*** Block opens ***

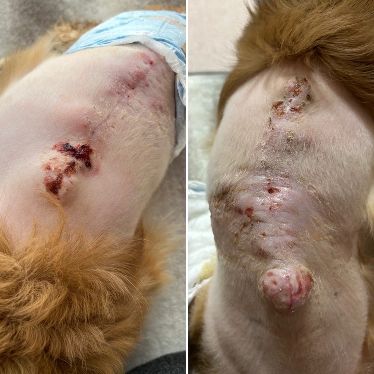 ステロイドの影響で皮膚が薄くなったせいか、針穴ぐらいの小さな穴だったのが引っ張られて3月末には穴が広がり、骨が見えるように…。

*** Block closes ***
*** Block opens ***

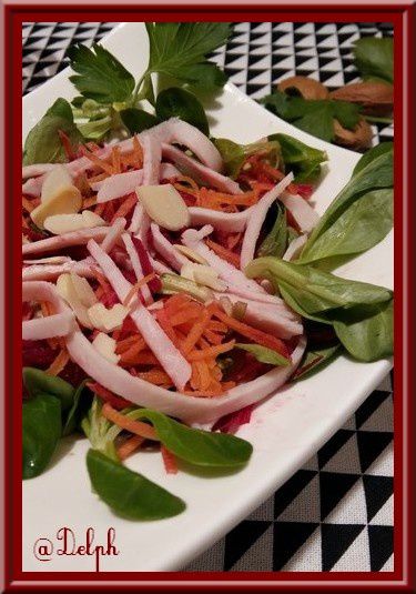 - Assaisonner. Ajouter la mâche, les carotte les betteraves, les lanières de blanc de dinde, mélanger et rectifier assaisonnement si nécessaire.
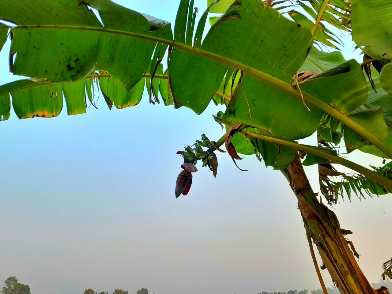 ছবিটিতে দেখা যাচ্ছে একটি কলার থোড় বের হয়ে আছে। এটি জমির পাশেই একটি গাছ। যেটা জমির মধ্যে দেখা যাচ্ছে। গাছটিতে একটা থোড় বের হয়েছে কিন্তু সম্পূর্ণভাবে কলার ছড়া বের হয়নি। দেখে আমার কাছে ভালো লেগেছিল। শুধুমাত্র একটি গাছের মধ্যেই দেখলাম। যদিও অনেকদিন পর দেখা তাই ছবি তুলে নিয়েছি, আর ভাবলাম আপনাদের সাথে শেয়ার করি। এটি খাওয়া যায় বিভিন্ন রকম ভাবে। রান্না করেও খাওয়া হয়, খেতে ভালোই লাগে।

*** Block closes ***
*** Block opens ***

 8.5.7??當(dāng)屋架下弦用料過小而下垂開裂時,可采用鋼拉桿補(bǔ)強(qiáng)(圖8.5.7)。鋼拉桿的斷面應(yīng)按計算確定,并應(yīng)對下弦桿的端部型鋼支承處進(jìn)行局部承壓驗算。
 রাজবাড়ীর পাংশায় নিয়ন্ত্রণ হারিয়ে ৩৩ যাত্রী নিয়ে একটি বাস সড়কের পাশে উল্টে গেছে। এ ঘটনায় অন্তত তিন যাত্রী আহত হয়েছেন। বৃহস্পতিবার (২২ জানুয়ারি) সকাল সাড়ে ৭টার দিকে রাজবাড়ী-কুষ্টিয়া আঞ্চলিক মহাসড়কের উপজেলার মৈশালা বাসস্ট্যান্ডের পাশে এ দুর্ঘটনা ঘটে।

*** Block closes ***

_YOUR ASSIGNMENT:_
Word for word, retype the lines in the entries above that run from the one with "- Assaisonner. Ajouter" through the one with "ছবিটিতে দেখা যাচ্ছে". Both ends count; pictures do not.

_TASK SOLUTION:_
 - Assaisonner. Ajouter la mâche, les carotte les betteraves, les lanières de blanc de dinde, mélanger et rectifier assaisonnement si nécessaire.
 ছবিটিতে দেখা যাচ্ছে একটি কলার থোড় বের হয়ে আছে। এটি জমির পাশেই একটি গাছ। যেটা জমির মধ্যে দেখা যাচ্ছে। গাছটিতে একটা থোড় বের হয়েছে কিন্তু সম্পূর্ণভাবে কলার ছড়া বের হয়নি। দেখে আমার কাছে ভালো লেগেছিল। শুধুমাত্র একটি গাছের মধ্যেই দেখলাম। যদিও অনেকদিন পর দেখা তাই ছবি তুলে নিয়েছি, আর ভাবলাম আপনাদের সাথে শেয়ার করি। এটি খাওয়া যায় বিভিন্ন রকম ভাবে। রান্না করেও খাওয়া হয়, খেতে ভালোই লাগে।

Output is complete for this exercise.